Steina Vasulka (born Steinunn Briem Bjarnadottir in 1940) and Woody Vasulka (born Bohuslav Vašulka on 20 January 1937 – 20 December 2019) are early pioneers of video art, and have been producing work since the early 1960s. The couple met in the early 1960s and moved to New York City in 1965, where they began showing video art at the Whitney Museum and founded The Kitchen in 1971. Steina and Woody both became Guggenheim fellows: Steina in 1976, and Woody in 1979.

The VASULKAs, as they are sometimes called, were experimenting since the early 1960s with images, video tapes, computer graphics, and Digital Video Effecter (DVE), a technique that was important for television programmes.

==Life and education==
===Steina===
Steina Vasulka was born in Reykjavík, Iceland, and trained as a classical musician and violinist, and was a member of the Iceland Symphony Orchestra. Steina received a scholarship at the Prague Conservatory in 1959.

===Woody===
Bohuslav "Woody" Vasulka (born Bohuslav Vašulka (20 January 1937, – 20 December 2019, Santa Fe, USA) was born in Brno, now in the Czech Republic, and trained as an engineer before studying television and film production at the Academy of Performing Arts in Prague. While pursuing his studies in the fifties, Woody Vasulka wrote poetry and produced short films.

Bohuslav Vasulka studied engineering at the Industrial Engineering School of Brno between 1952 and 1956. Later, he discovered the potential that technology could bring to art and decided to move to Prague in 1960 and study television and film production at the Prague Academy for Performing Arts at the Faculty of Film and Television throughout the period from 1960 to 1965. His educational background and engineering skills would later stimulate him to work in the realm of media art.

===Life together===
In the early 1960s, Woody and Steina met in Prague, where Woody introduced video to Steina. At that time she was studying languages and violin playing at the conservatory in Prague, where she was granted a scholarship. They started working together and married in 1964.

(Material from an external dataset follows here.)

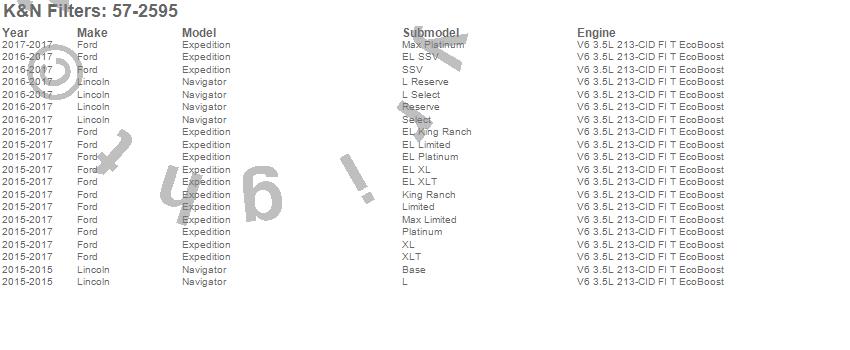 Below is an abbreviated list of applications for the 57i Series Induction Kit.Expedition, Navigator, Ford, Lincoln, 2016, 2015

A year after they settled in New York, United States. The couple was in love with "America's boast of freedom, love of technology and promotion of independence". By that time, Woody Vasulka had filmed several documentaries and after relocating worked as an editor of industrial film projects at Harvey Lloyd Productions.

==New York==
For the first few years following their relocation to in New York, the Vasulkas were not involved with the local art scene; Steina continued to practice as a violinist and Woody began making independent documentaries and edited industrial films at Harvey Lloyd Productions. In 1967, at the request of architects Woods and Ramirez, Woody collaborated on developing films designed for a multi-screen environment to be shown in the American Pavilion at Expo 67 in Montreal. In 1968, Woody conducted his first experiments with images made with electronics and put aside the cinematographic form in favor of video. Steina was experimenting with video at the same time as Woody, with equipment that the couple had borrowed from Lloyd. Over time, the Vasulkas became more closely involved with the artistic communities around them and the emerging fascination with video and new-media, and grew more dedicated to their developing video art practice until they made it their shared full-time occupation.

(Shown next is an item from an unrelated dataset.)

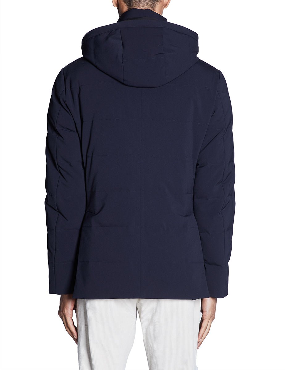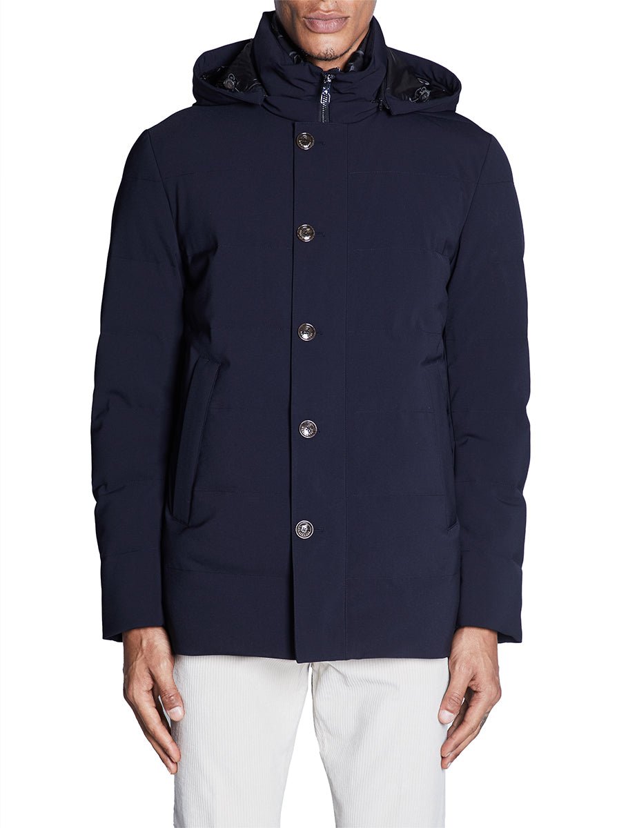 Piumino in tessuto tecnico opaco color blu navy, doppia chiusura frontale con zip e abbottonatura monopetto a vista con bottoni in pasta logati. Tasche a filetto frontali, manica lunga e collo montante. Cappuccio coordinato rimovibile con coulisse e imbottitura in piuma.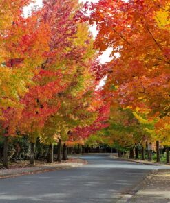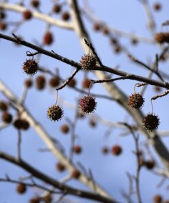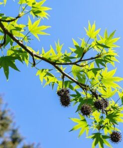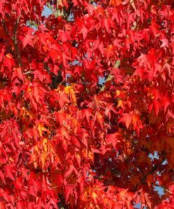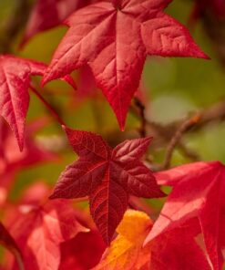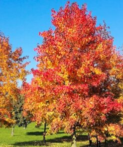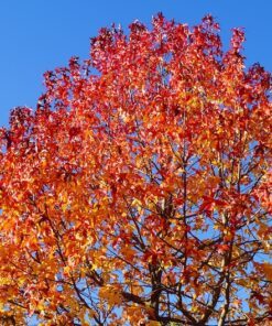 The American Sweetgum (Liquidambar Styraciflua) is a remarkable tree known for its stunning fall colors. The star-shaped leaves transform into vibrant shades of red, yellow, orange, and purple, creating a breathtaking display. These trees not only beautify your landscape but also provide unique decorative seed pods.

On December 31, 1969, and January 1, 1970, Woody Valsulka video recorded Jimi Hendrix performing with Band of Gypsys at the Fillmore East in NYC. The recordings are included on a DVD included in a CD release of the concerts. (Source: Live at the Fillmore DVD, released 1999, released again 2012)

===The Kitchen===
In 1971, the Vasulkas founded The Kitchen, a multi-use media theater located in the kitchen of the Mercer Arts Center in Grand Central Hotel, Greenwich Village, in the interest of cultivating new-media art in an inclusive, comprehensive, and un-administrative context. The Kitchen's own history describes it as a space that supported experimental work across video, music, performance, and media art.Under the direction of Dimitri Devyatkin, and with help from Andy Mannik, Sia and Michael Tschudin, Rhys Chatham, and Shridhar Bapat, the space received a grant from the New York State Council on the Arts and expanded its programming, which was foregrounded by video and electronic media performance and would come to include new music programming under the direction of Rhys Chatham. The Kitchen would relocate following the collapse of the Mercer Arts Centre, but maintain its mission.

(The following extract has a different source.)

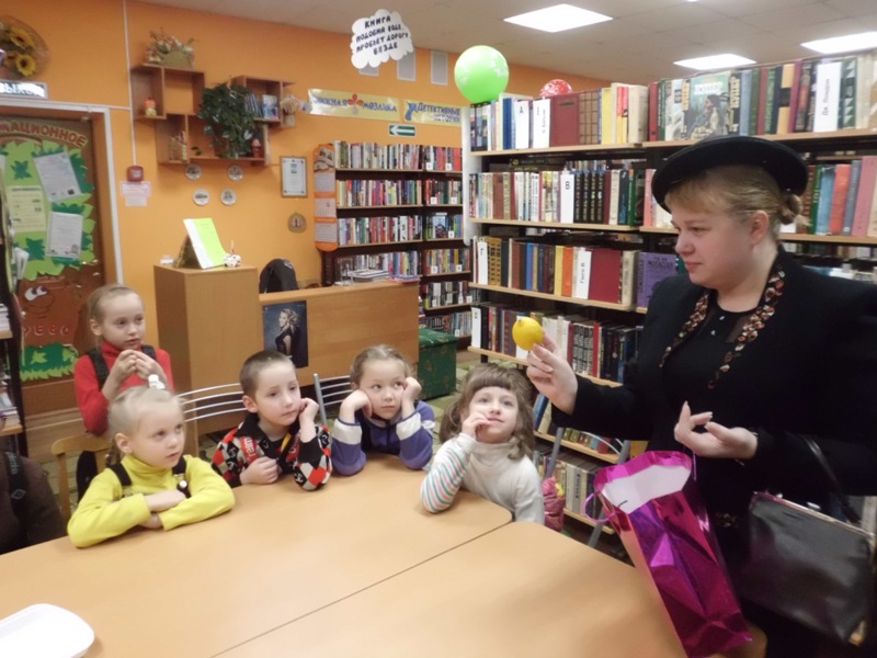 Праздник начался с замечательной песенки  «Книжкин дом» на стихи Юрия Энтина. Ребята с интересом посмотрели слайд-шоу и узнали, какие разные бывают книги. И тут вдруг в зале появилась Шапокляк, которая  захотела превратить ребят в своих помощников и научить их делать всякие гадости. Но ведущая решила доказать этой вредной старушке, что в библиотеке собрались не хулиганы, а дети читающие и творческие.  Она провела для ребят литературный конкурс, с которым дети успешно справились. Затем уже вместе с Шапокляк  ребята отгадывали загадки, играли, узнавали литературных героев, рисовали.

The Kitchen was valuable space for several music, performance, and media artists in New York who at the time did not feel welcome in commercial galleries or the mainstream art-world. The Vasulkas' programming for The Kitchen provided the space to a number video artists who would become prominent, including Joan Jonas, Nancy Holt, Vito Acconci, Mary Lucier, Dara Birnbaum, Bill Viola, and Gary Hill.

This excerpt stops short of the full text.